Directions for this task - Leaving out every picture, quote the data below exactly as it appears.

Exercise data -

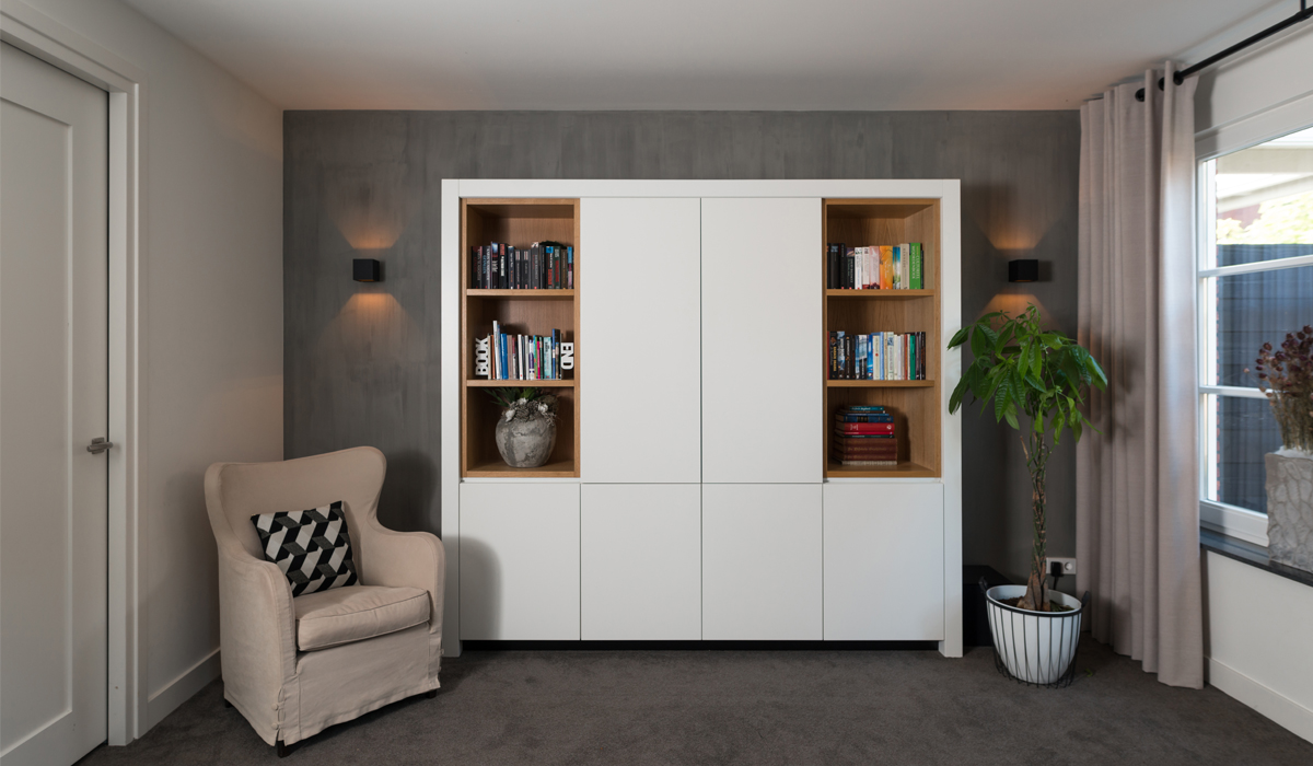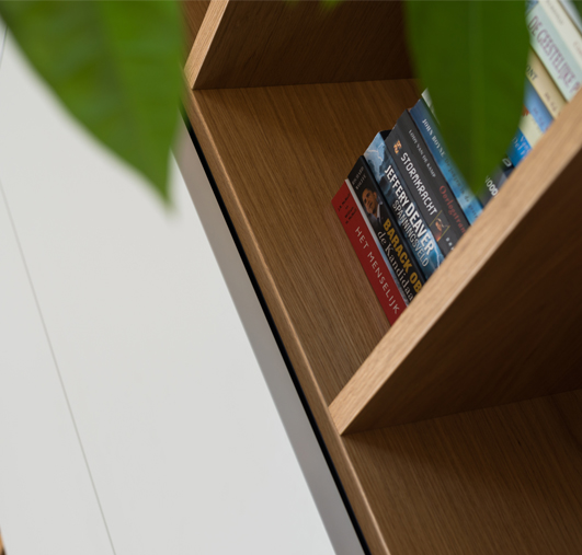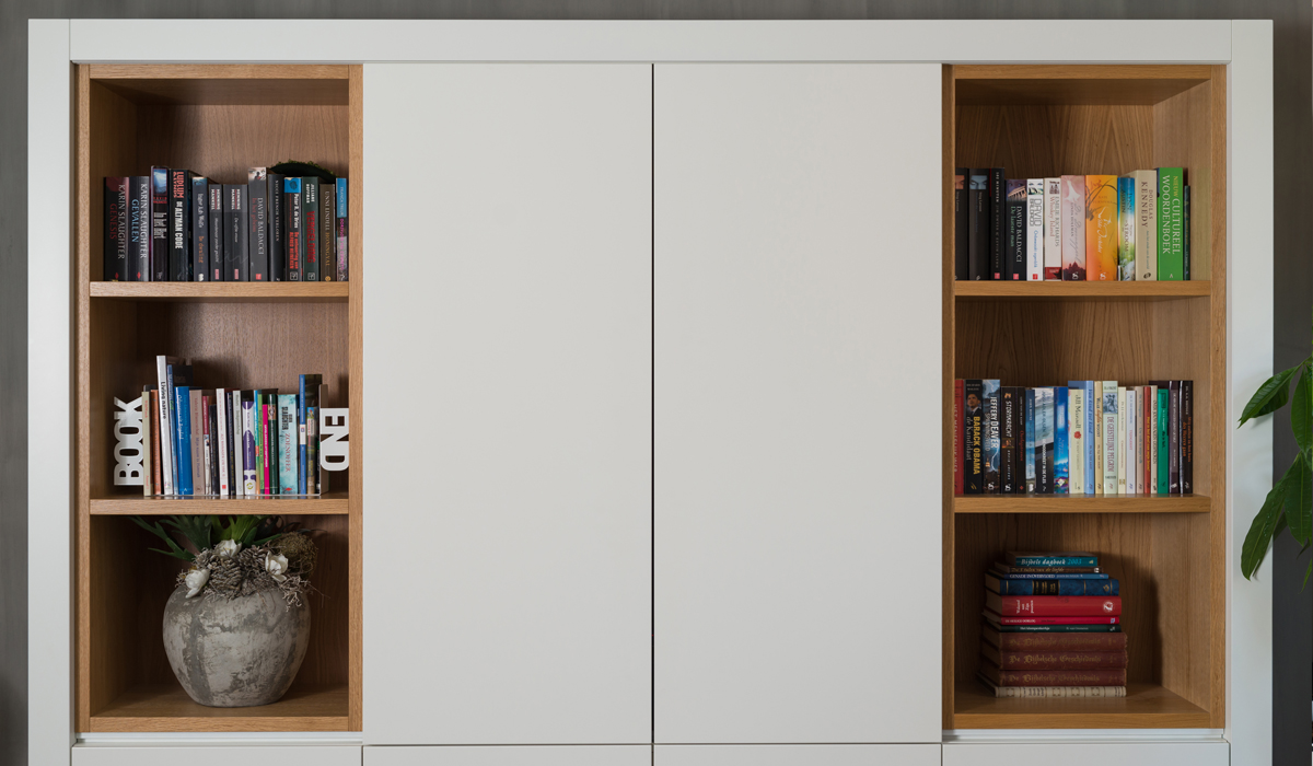 Wanneer de klanten geen tv kijken, kunnen zij de kast via een eenvoudige handeling veranderen in een elegante boekenkast.
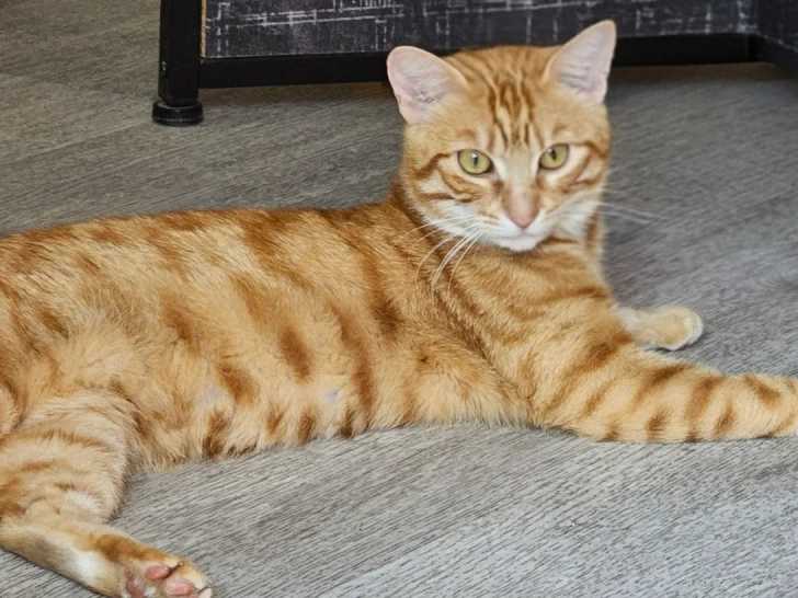 Nous vous présentons Mastoc, un chat au pelage tigré roux de trois ans que nous vous proposons à l'adoption. Il espère trouver une famille bienveillante pour une vie épanouie.
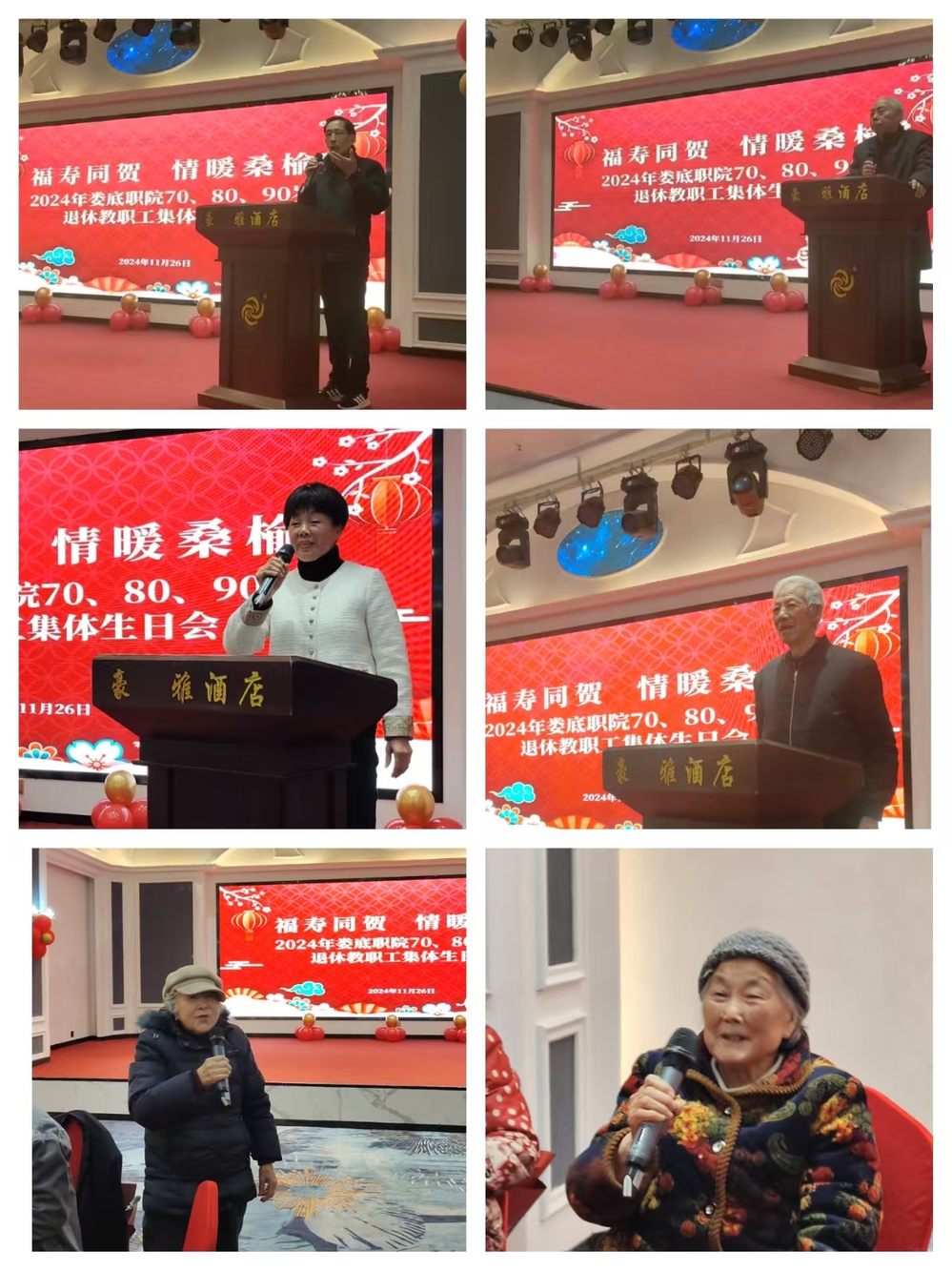活动进行中,寿星们也纷纷踊跃发言,各抒胸臆。有的即兴赋诗,用诗意的笔触描绘人生的斑斓画卷;有的则深情回顾自己的往昔岁月,感慨祖国日益繁荣昌盛带来的幸福生活;还有的对此次精心筹备的生日会赞不绝口。其中,已至九十高龄的黄汉麦同志难掩激动之情,颤声道:“学校为我们举办如此盛情的集体生日会,我们是最幸福的人!”深情而真挚,感染了在场的每一个人。

Answer to this problem -
 Wanneer de klanten geen tv kijken, kunnen zij de kast via een eenvoudige handeling veranderen in een elegante boekenkast.
 Nous vous présentons Mastoc, un chat au pelage tigré roux de trois ans que nous vous proposons à l'adoption. Il espère trouver une famille bienveillante pour une vie épanouie.
活动进行中,寿星们也纷纷踊跃发言,各抒胸臆。有的即兴赋诗,用诗意的笔触描绘人生的斑斓画卷;有的则深情回顾自己的往昔岁月,感慨祖国日益繁荣昌盛带来的幸福生活;还有的对此次精心筹备的生日会赞不绝口。其中,已至九十高龄的黄汉麦同志难掩激动之情,颤声道:“学校为我们举办如此盛情的集体生日会,我们是最幸福的人!”深情而真挚,感染了在场的每一个人。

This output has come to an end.